We found significantly differences between all three approaches. This indicated that there is not only one right model for the complete patient cohort, but some models seem to fit better to some specific patients. An investigation on whether a specific tumor condition or stage is decisive for the choice of the model sounds promising. However, the investigated patient cohort is limited with 18 patients. A larger number of experimental studies to show reproducibility and validity of the parameter values would be necessary for a general statement on clinical usefulness and weather one model should be prioritized over the other. Though, the potential of other, physiologically also appropriate models compared to the widely used ones and the strong dependency of quantitative perfusion parameters on the chosen model could be shown here.

Conclusion

A comparison of three different approaches to determine quantitative perfusion parameters in rectal cancer was performed. The model-free fast deconvolution approach and the two compartment exchange, and as well as the uptake model, were compared based on same patient data and ROI selection.

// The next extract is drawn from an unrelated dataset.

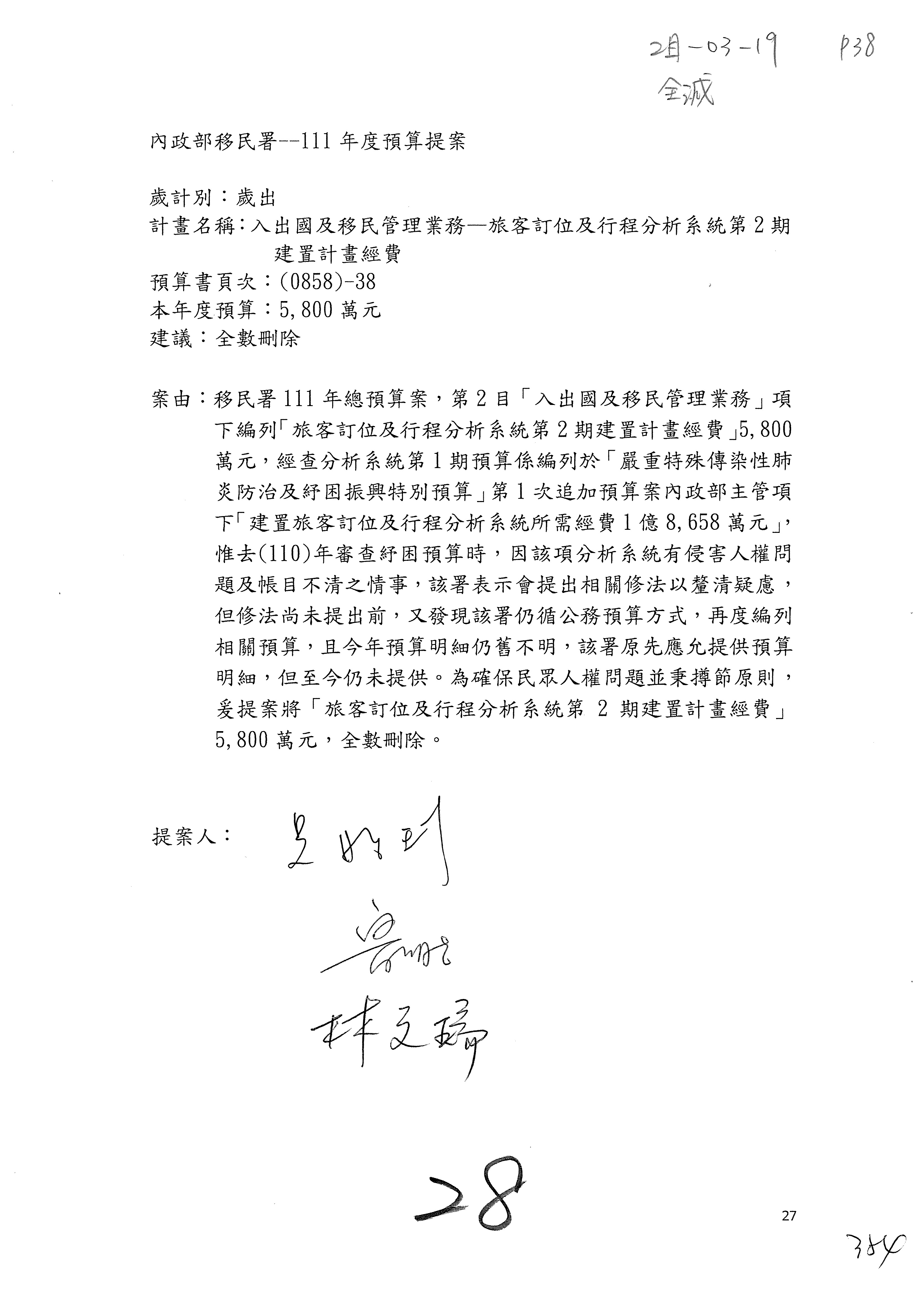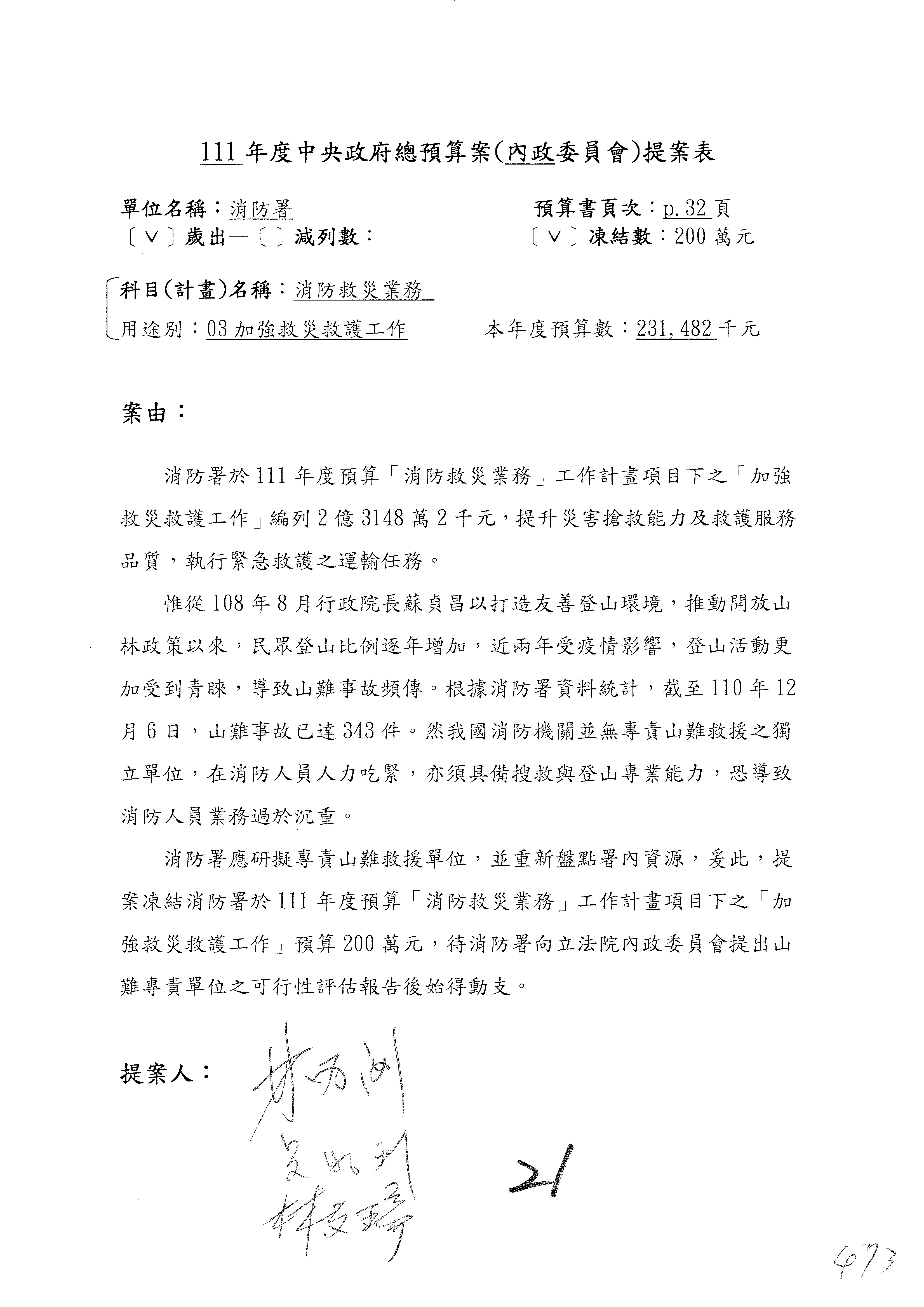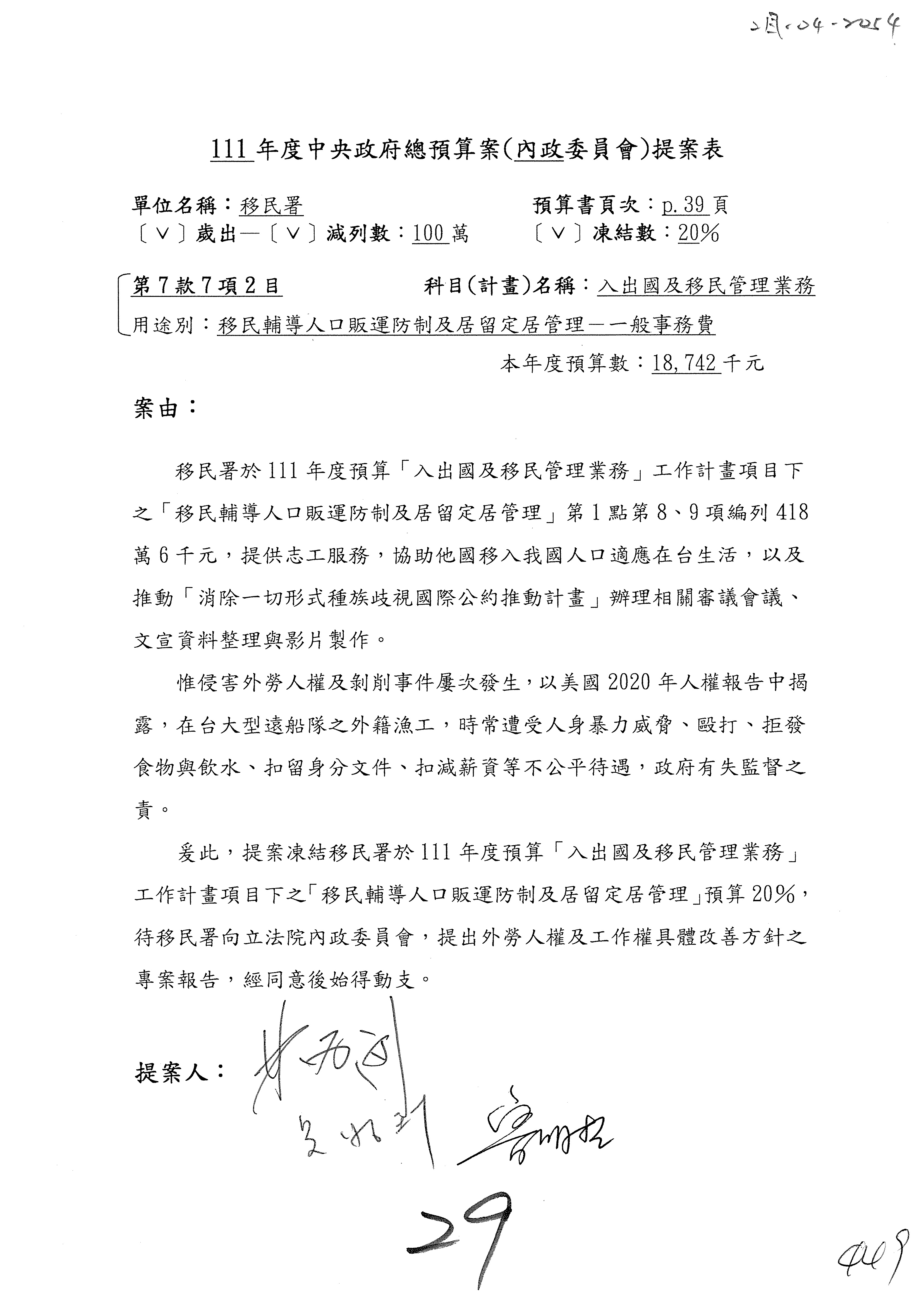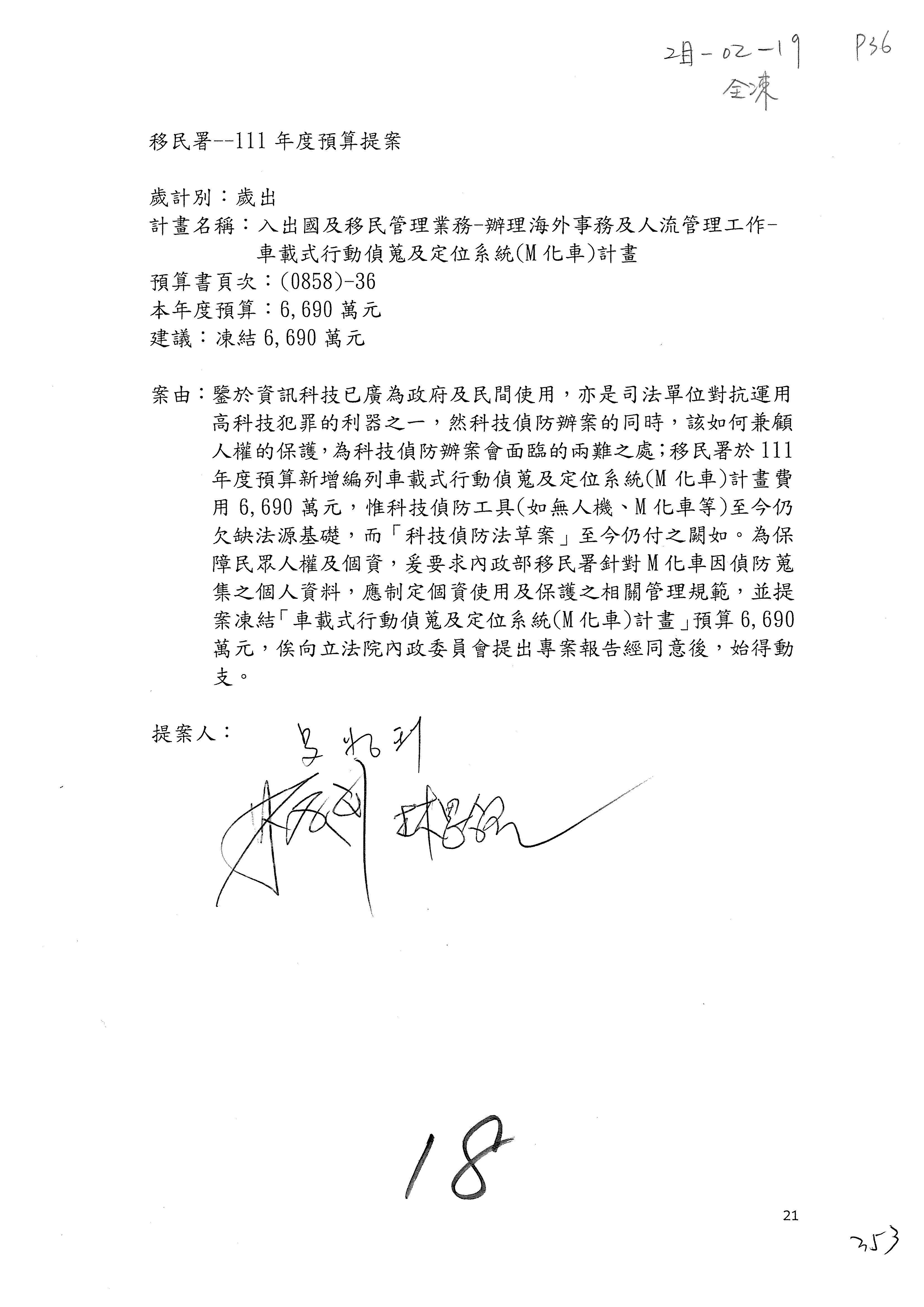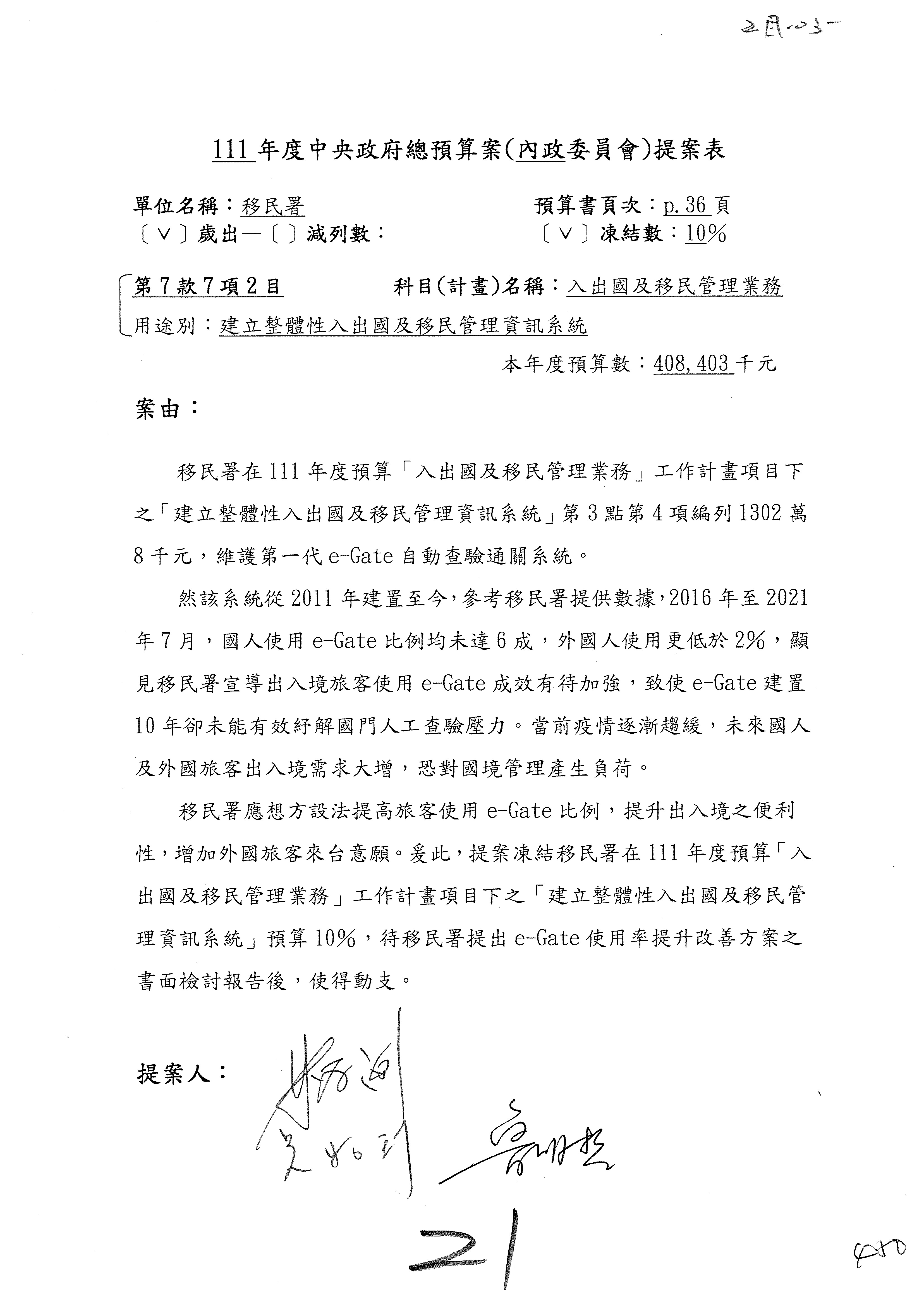 第19案已經改成主決議;第20案,改凍結100萬元,提書面報告後,始得動支;第21案,也改主決議;第22案,凍結100萬元,提書面報告。這個OK啦!都可以。

An assessment of perfusion parameters using these models could be conducted for all patients. Determined perfusion parameters differed significantly among the chosen kinetic models. Fit quality showed similar mean value but significant difference among the patients. All models seem feasible to provide quantitative perfusion parameters in rectal cancer according to the obtained parameters. Consequently, they should be considered as an equivalent alternative to the commonly used Tofts model. These findings demonstrate that the choice of the kinetic model may have a significant effect on the results of a quantitative perfusion analysis.